No estas solo
El olor a óxido, sangre seca y humedad flotaba como una nube pesada en el aire inmóvil. No había ventanas. Solo paredes frías de metal, una cubeta sucia en un rincón, y yo, tirado en el medio de esta habitación.
Había perdido la noción del tiempo, no sabía si era de noche o de día, pero de algo estoy seguro: en cuanto se abriera esa puerta, ella marcaria nuevas cicatrices en mi cuerpo con el látigo, me arrancaría las uñas con las pinzas y me romperá los huesos de mi cuerpo con el martillo, una y otra vez, hasta que se aburriera de mis gritos... como siempre.
El chirrido de la puerta abriéndose no tardó en escucharse, hizo que mi cuerpo comenzara a temblar. Pero esta vez, sentía algo diferente.
—¿Qué es esto? —dijo una voz femenina, joven y sorprendida.
Traté de girar la cabeza, pero los músculos no me respondieron. Solo pude entreabrir los ojos.
Una figura se acercó: botas finas, vestido claro… y ojos llenos de horror.

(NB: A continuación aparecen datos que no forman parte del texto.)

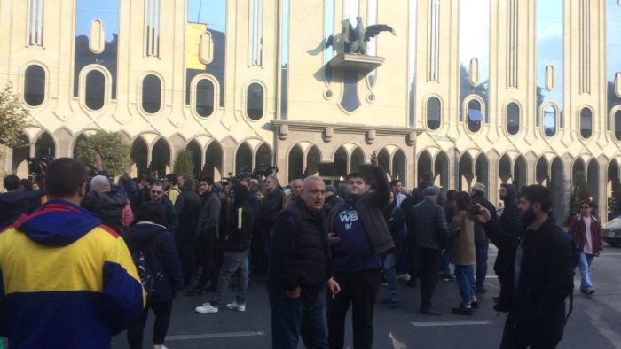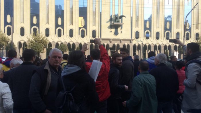 რუსთაველის გამზირზე შეკრებილმა აქციის მონაწილეებმა რუსთაველის გამზირი გადაკეტეს.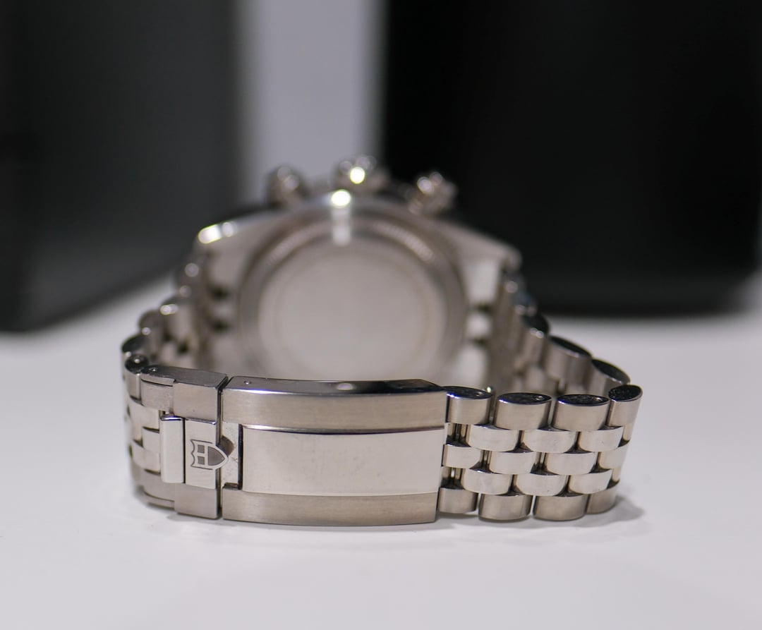 This is a 2024 41mm model with a crisp, eye-catching dial that really pops on the wrist. It adds a ton of personality while still fitting comfortably into a luxury rotation. **Specs & Highlights** * 41mm case * Water resistance to 200m * 70-hour power reserve * COSC-certified movement * Date and chronograph functions **Included in the sale** * Complete set / full kit * Manuals and warranty booklet * Warranty card * All links * Inner and outer boxes * Fully insured shipping (delivery typically within 2 business days) **Condition notes** * Worn 2 times. The day I picked it up and a second day I went back to the AD for a different watch. Chronos just don't do it for me. * Sat in a watch case for most of its life since. Picked up 7/24 * Normal fingerprint smudges from handling. Will wipe away no problem with a cleaning cloth * Images shot with a 16mm lens, so details are probably more than the eye perceives * Case, dial, and crystal are all clean and I see no scratches or any sign of abuse (use) If you have any questions, don’t hesitate to reach out. Happy to chat or provide additional photos. Looking for a quick sale. I picked up a Rolex I'm using this cash to stay out of trouble with the wife. **Asking price: $8,450**
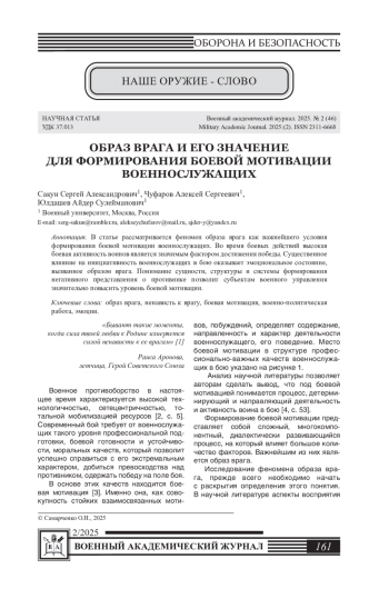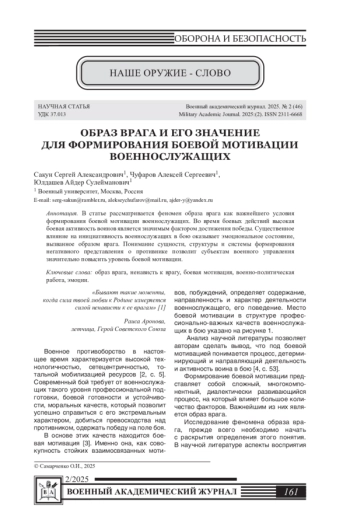 В статье рассматривается феномен образа врага как важнейшего условия формирования боевой мотивации военнослужащих. Во время боевых действий высокая боевая активность воинов является значимым фактором достижения победы. Существенное влияние на инициативность военнослужащих в бою оказывает эмоциональное состояние, вызванное образом врага. Понимание сущности, структуры и системы формирования негативного представления о противнике позволит субъектам военного управления значительно повысить уровень боевой мотивации.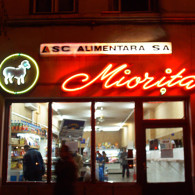 MIORITA: The letters made of the sheet with the shaped neon tube centrally located; the figurative sign made of the shaped neon tube; the light box with plexiglass face decorated with the stickers.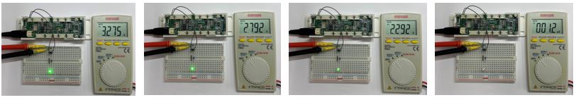 それぞれのインジェクトノードのボタンをクリックすると、その設定した電圧でLEDへの給電電圧が変化しています。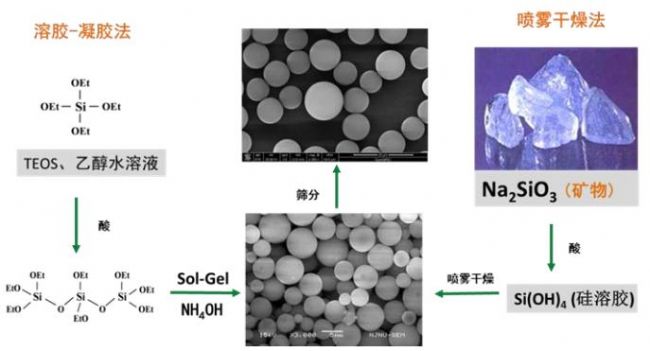 傳統(tǒng)溶膠-凝膠法和噴霧干燥法制備硅膠填料原理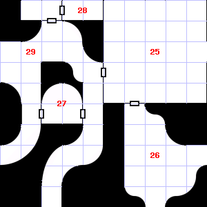 | 25 | A gusting breeze blows through this area. Encounter: Gnomes (4) Treasure: None. | 26 | The air here is very hot. This area smells of rotting vegetation. | 27 | There is a pile of straw here. |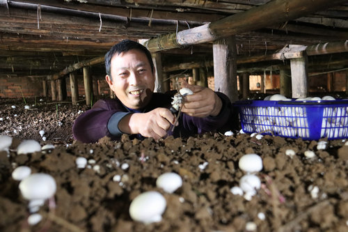 四川新闻网消息 12月22日,在纳溪区石银村2社双孢菇种植大户宋世江的菇房里可以看到,梯台式的菇床上,洁白的双孢菇长势喜人,宋世江和工人正在忙着采收成熟的双孢菇,脸上洋溢着丰收的喜悦。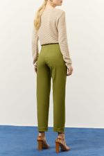 Calça de tecido plano em alfaiataria com elastano, modelagem reta, sem cós e fechamento lateral por zíper invisível. modelo veste tamanho 38.

—¡Está vivo! — exclamó la chica—. ¿Cómo pudieron hacerle esto? ¡A un niño como tú!
Intenté hablar suplicando ayuda, pero ni siquiera las palabras salían de mis labios secos y agrietados.

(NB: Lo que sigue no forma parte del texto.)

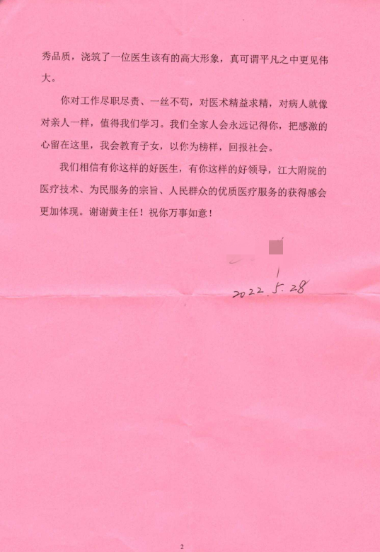 “信是我写的,前两天我和儿子女儿还去医院送了锦旗,只是没能见到黄主任。我还会跟他约时间见一面,一定要当面表达我们全家人的感激之情!”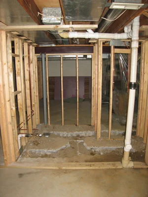 The interior wall framing is going up, including here at the bathroom.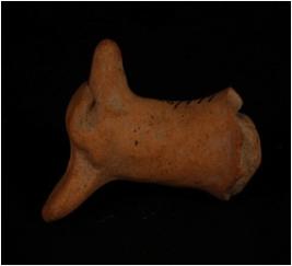 | Description / विवरण | Terracotta handmade head of bird figurine, crowned head, Lower portion is missing. Eyes are suggested by pin holes, pinched nose, long neck, red in colour. |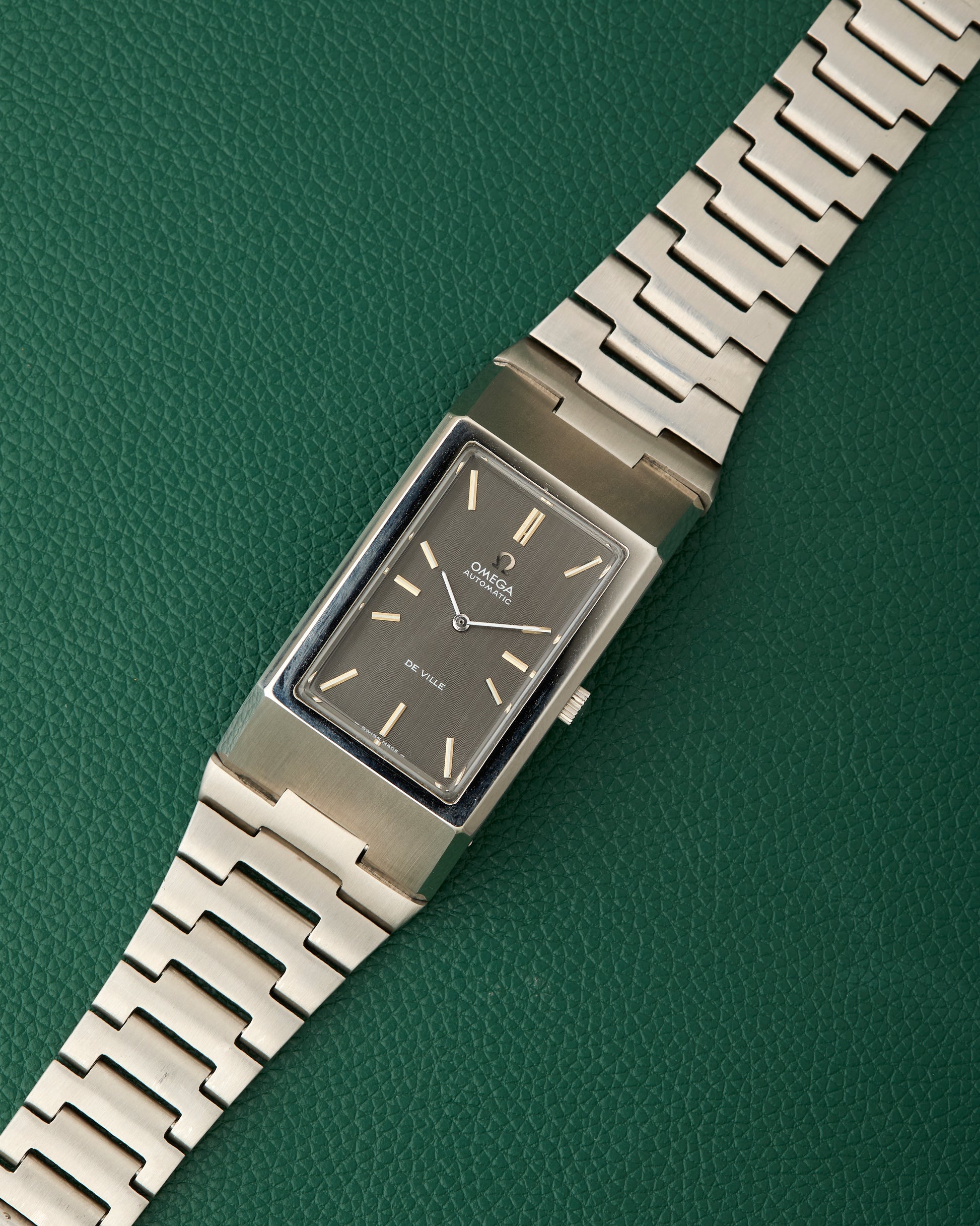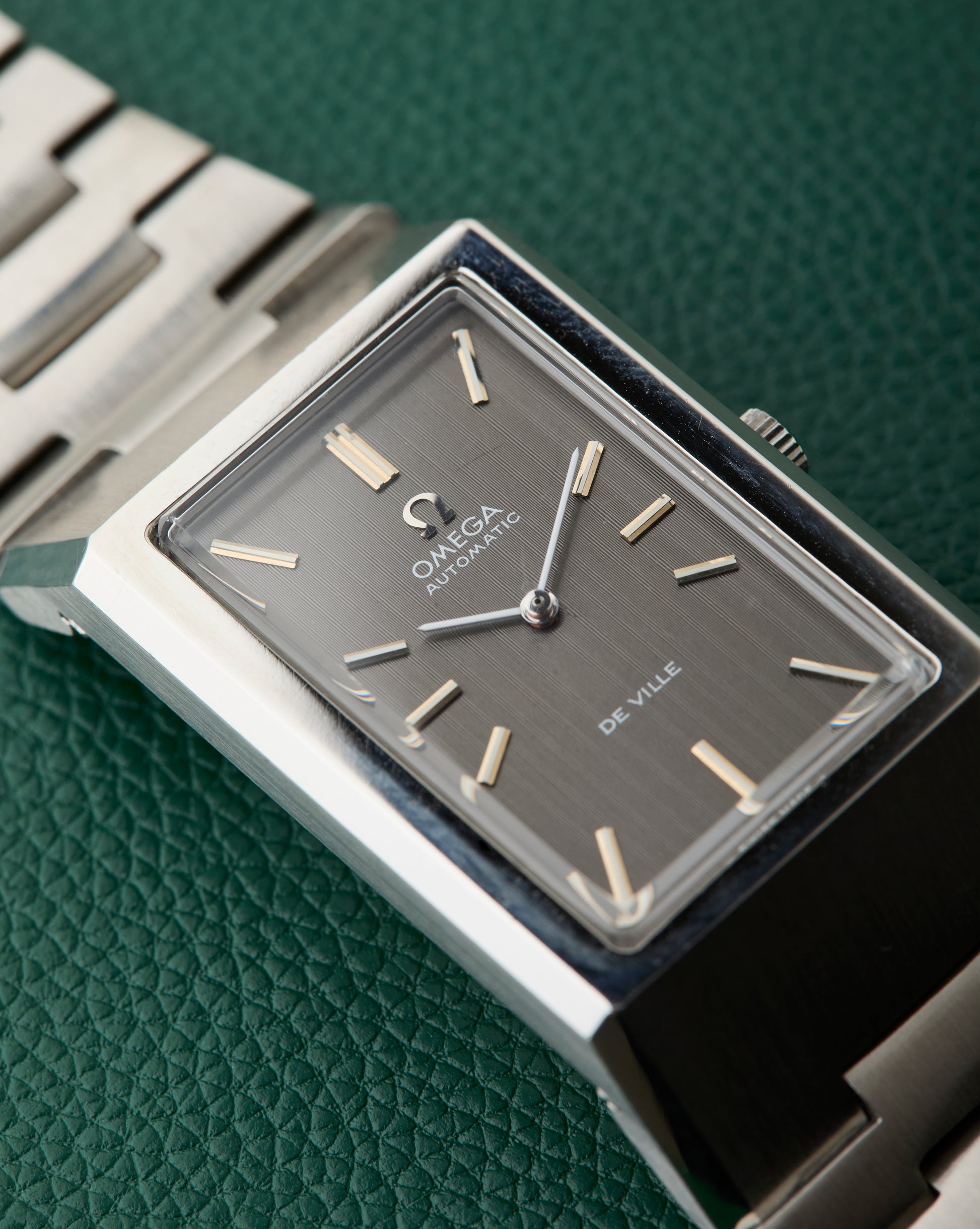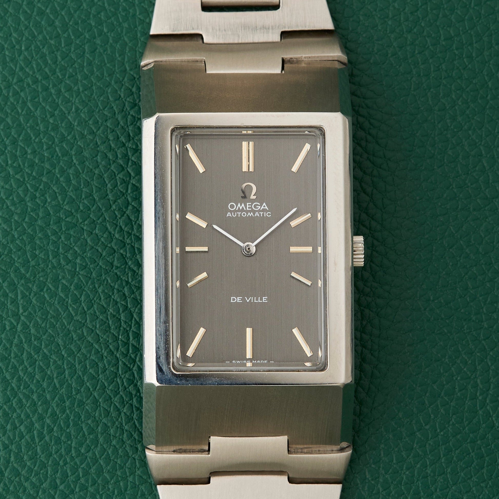 Our present Omega DeVille reference 155.007 features a slate grey dial with quirky lined hour markers.

—Tranquilo… —susurró la voz mientras sus manos suaves me tocaban—. Todo estará bien. Ya no estás solo.
Sus manos no dudaron en acariciar mi cara, aunque estubiera cubierto de sangre vieja.
Ordenó a los sirvientes que me llevaran a su habitación. Nadie se atrevió a cuestionarla, pero en sus caras se notaba la incomodidad y el disgusto.
Ella, aunque me miraba con horror, tenía una expresión distinta a las demás. Como si hubiese encontrado algo frágil en un mundo hecho de piedra.
Esa noche, me llevó a su habitación. al salir, por fin, después de tanto tiempo encerrado, sentí la brisa nocturna acariciar mi cuerpo delgado y maltratado.
—No me importa que digan que estoy loca —murmuró mientras me ayudaba a sentarme en una tina de madera—. No voy a dejar que alguien inocente muera de esta forma tan cruel.
La miré por primera vez con claridad. Sus ojos eran distintos. No solo por su color avellana, sino por la forma en que brillaban: sin lástima, sin miedo. Solo una firmeza suave.
—¿Cómo te llamas? —preguntó ella.
Tardé unos segundos en responder. Aunque, lo intenté, hablar con claridad era casi imposible. mi voz apenas salía, ronca y rota.
—...No recuerdo mi nombre.
Ella no parpadeó. Solo mojó un paño y comenzó a limpiar mi rostro con cuidado.
—Entonces te daré uno. Hasta que recuerdes el tuyo.